Requiem For A Dream

Etats-Unis - 2000. Réalisation : Darren Aronofsky
Acteurs principaux : Jared Leto, Jennifer Connelly, Ellen Burstyn.

Darren Aronofsky est un cinéaste énigmatique : réalisateur d'un seul film pour certains ou auteur génial pour d'autres, il soulève beaucoup d'interrogations. Il est issu d'une famille juive traditionnelle, mais il n'en subit pas l'influence et se tourne vite vers le cinéma. Il n'est à l'origine que de trois films dont deux seuls ont été remarqués : "Pi" réalisé en 1998 et "Requiem for a dream" en 2000. C'est de ce dernier que nous décidé de vous parler.

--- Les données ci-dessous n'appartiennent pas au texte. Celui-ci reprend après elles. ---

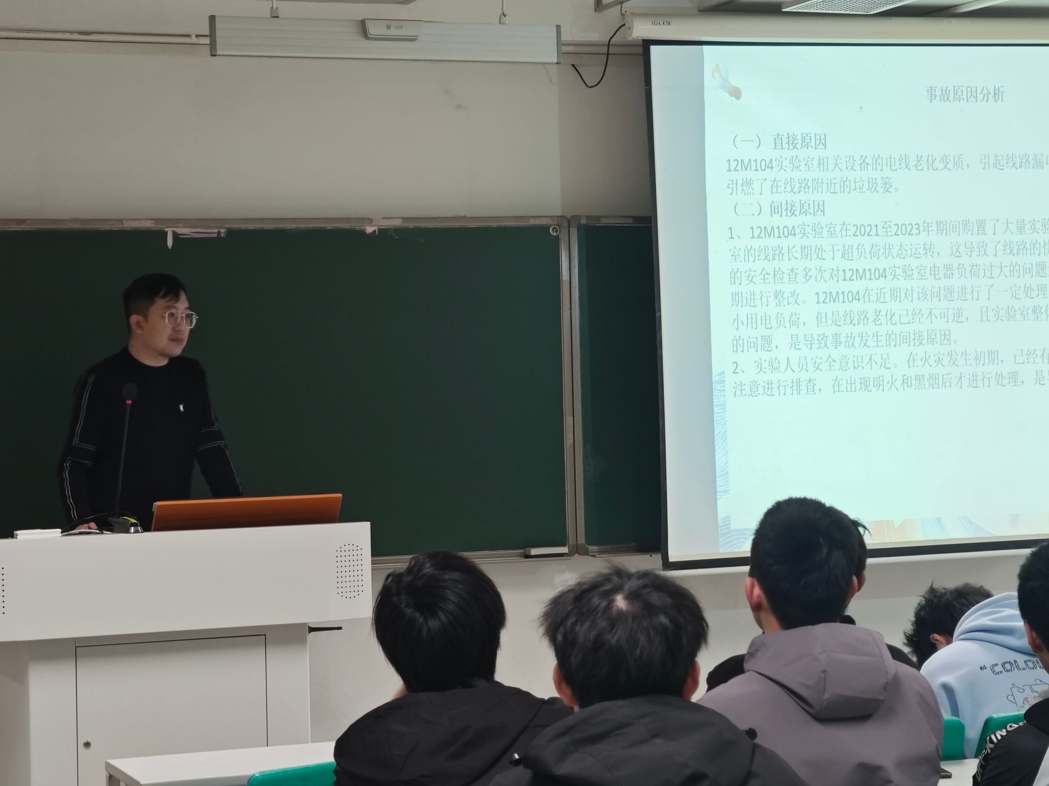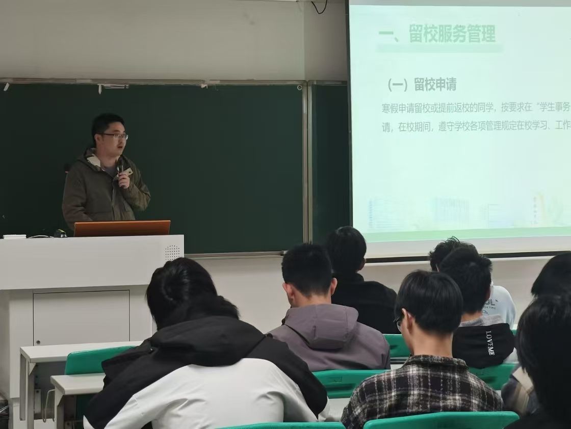 张博老师传达了学校寒假期间学生管理相关要求,重点围绕学生社区安全、实验室安全、交通安全、防范网络诈骗、心理健康等进行了工作提醒。

Primé au festival indépendant de Sundance, Requiem for a dream est l'adaptation d'un livre du romancier américain Hubert Selby Jr. Il raconte la plongée d'un jeune paumé et de sa mère dans la drogue. En gros, le scénario peut se résumer ainsi : une femme vit seule avec pour espoir obsessionnel d'être invitée sur le plateau de son émission de télé préférée. Elle suit alors un régime à base de cachets douteux pour enfin entrer dans la robe qu'elle aime tant et qui symbolise un passé révolu. Son fils est dépendant à la drogue sous toutes ses formes. Avec sa petite amie et son copain de toujours, ils décident de dealer à grande échelle pour se défoncer sans limites. Ces quatre personnages vont progressivement sombrer dans la déchéance la plus horrible à la suite d'une lente et douloureuse chute.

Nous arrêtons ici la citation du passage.